The People's Right to Bear Arms

Wojtek Sokolowski sokol at jhu.edu
Tue Apr 27 13:49:25 PDT 1999


At 02:57 PM 4/27/99 -0500, you wrote:
>Again, forgive me if I'm treading on ground that's already been covered; I
missed many posts in this thread while working on deadline. but my understanding is that four guns were used, and has anyone made note of the fact that three of them were shotguns/hunting rifles of the sort that would not be affected by any of the usual sorts of gun control legislation?
>----------
>From: Doug Henwood
>Sent: Tuesday, April 27, 1999 1:55 PM
>To: lbo-talk at lists.panix.com
>Subject: Re: The People's Right to Bear Arms
>
>Jim heartfield wrote:
>
>>In message <Pine.NEB.4.10.9904260017510.2852-100000 at panix7.panix.com>,
>>Michael Pollak <mpollak at panix.com> writes
>>
>>> As for numbers,
>>>in 1996, 9,390 people were murdered by handguns in the US. (The total
>>>figures, including suicides and accidents are 4 times as high). During
>>>the same period, 30 people were murdered with handguns in Britain.

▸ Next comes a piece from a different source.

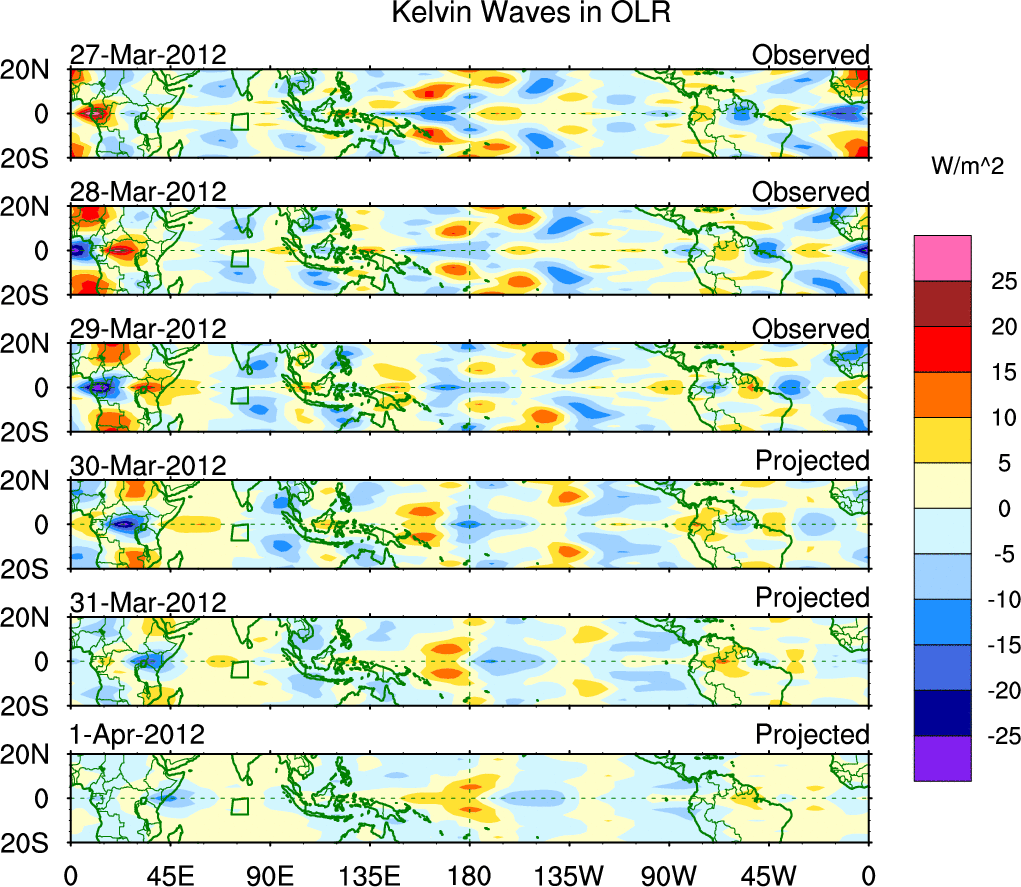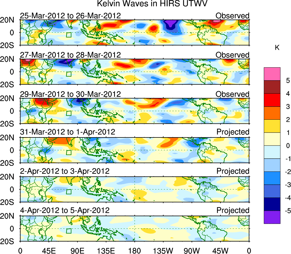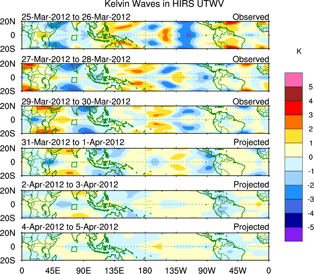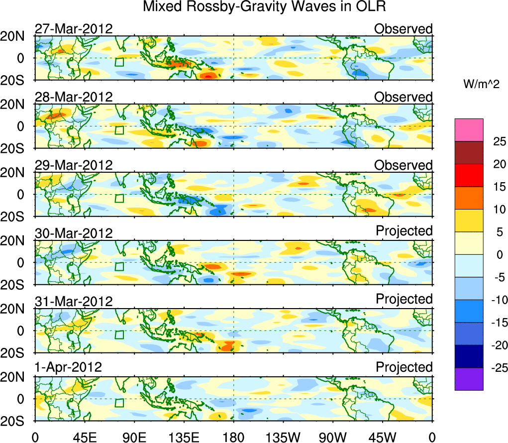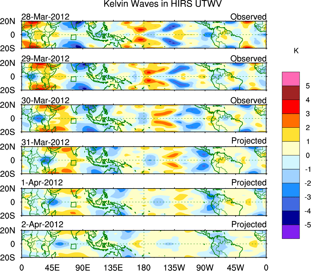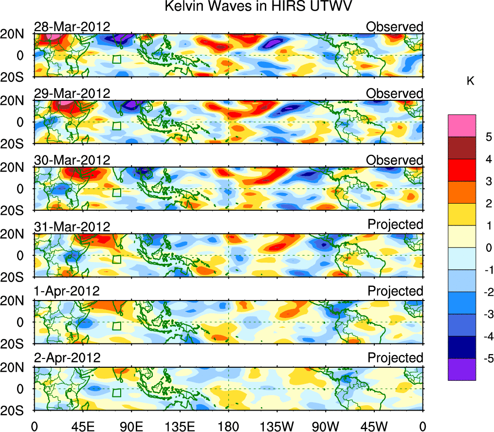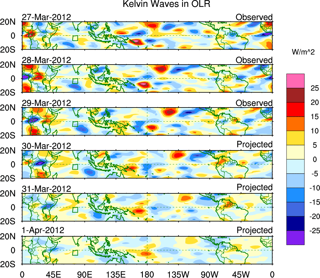 To identify tropical waves in near real-time, the OLR and UTWV data are filtered following Wheeler & Weickmann (2001 MWR). The daily anomalies are calculated using the first 3 harmonics of the seasonal cycle for 1979–2009. Missing values are then filled using linear interpolation in space and time. The most recent 365 days of anomalies are padded with 659 days of zeroes, and the result is filtered for each wave type.

While availability of guns is undoubtedely a factor, I would not stretch it too far. UCSC criminologist Dane Archer did a comparative study of response to potentially threatening and conflicting situations among US and British high school students. He used vignettes (descriptions of hypothetical scenarios) invoving marital infidelity and street demos, ans asked the rs to supply the resolution of conflicts.

What transpired was a huge gap the USers and the Brits. The Brits' soultion generalli involved showing emotions, negotiations, talk etc. whereas the USers would generally provide straightforward quotes of Hollywood dramas - gory mayhem (using machine guns, chain saws, etc.) or truly fantastic scenarios, such as "aliebs killing everyone." I a word, a proud product of our entertainment industry.

If the only choice I faced was between ban on guns or ban on Hollywood, I'd probably choose the latter. Or better yet, use the former to get rid of the latter.